Kania czubajka, przez niektórych nazywana sową, to grzyb o wielkich walorach smakowych - kilka mięsistych świeżych grzybów - sól - bułka tarta - 2 - 3 jaja - odrobina pieprzu - olej i masło klarowane do smażenia
1. Gdy mamy wybór większej ilości kapeluszy, wybieramy te średnie, mięsiste i w miarę młode, doskonałe też są małe nierozwinięte kapelusze, jednak nie polecam zbierać ich niedoświadczonym grzybiarzom, można je łatwo pomylić. Tak więc solimy nasze wyczyszczone kapelusze od strony blaszek. Solimy równomiernie i dosyć obficie, jak jajecznicę :) Zostawiamy tak na 2-3 godziny, aby zmiękły.

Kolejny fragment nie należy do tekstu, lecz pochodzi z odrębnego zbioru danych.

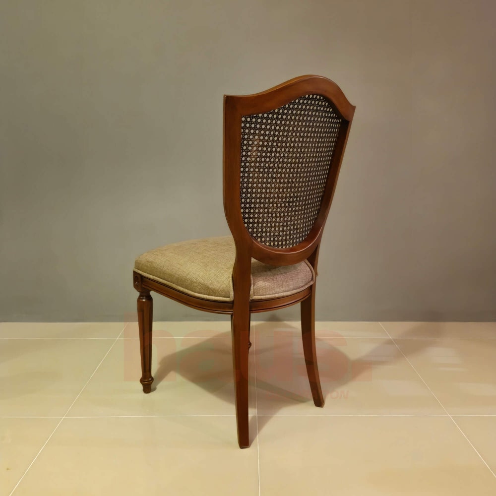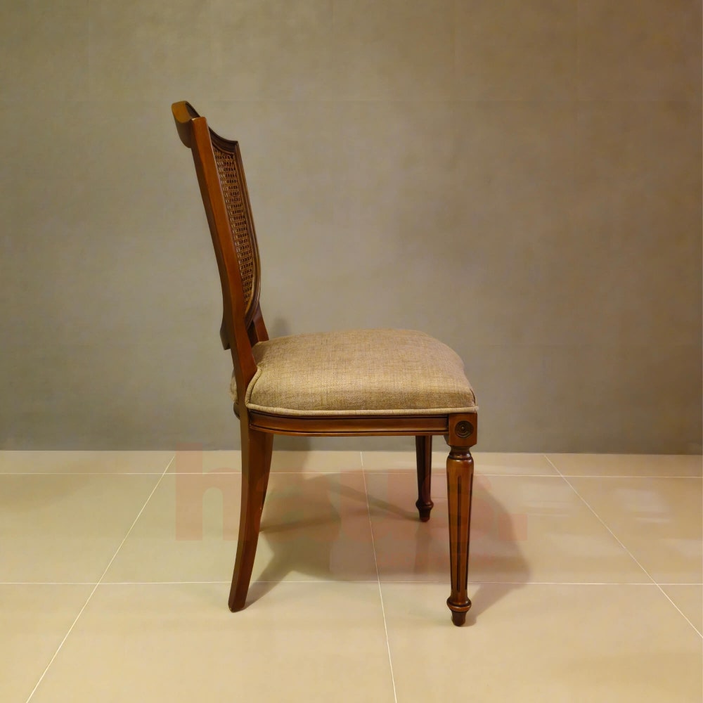 This wooden chair is inspired by vintage design, showcasing a natural hornbeam wood frame and natural rattan details. The soft linen fabric seat adds a touch of sophistication while providing lasting comfort. Ideal for dining, working, or relaxing, this chair fits any setting and is “fully customizable” to suit your preferences. Choose your finish, fabric, or even adjust the dimensions, because at Haus Decoration we create furniture that fits you.

2. Po 3 h na blaszkach można zauważyć sporo soków wyciągniętych z grzybów. Można tą wodę zlać z grzybów.
3. Na talerzu rozpuszczamy kilka łyżek oleju i 1 solidną łyżkę masła klarowanego (niedopuszczalne jest aby używać masła kanapkowego, gdyż zawiera wodę)
4. Wybijamy 3 jaja do miski z płaskim dnem i dodajemy szczyptę pieprzu, jajka rozkłócamy widelcem.
5. Panierujemy kanie, mocno nawilżając w jajku i obtaczając w bułce.
6. Tłuszcz dobrze już rozgrzany, smażymy wkładając "blaszakami" do dołu - to ważne. Dzięki temu podczas smażenia możemy dociskać nieco kapelusze, które podnoszą się nieco do góry.
7. Po kilku minutach odwracamy, musza być rumiane i chrupiące, zmniejszamy nieco płomień i smażymy 2-3 minuty. Najlepsze są do ryżu, frytek i lekkiej surówki z sosem winegret.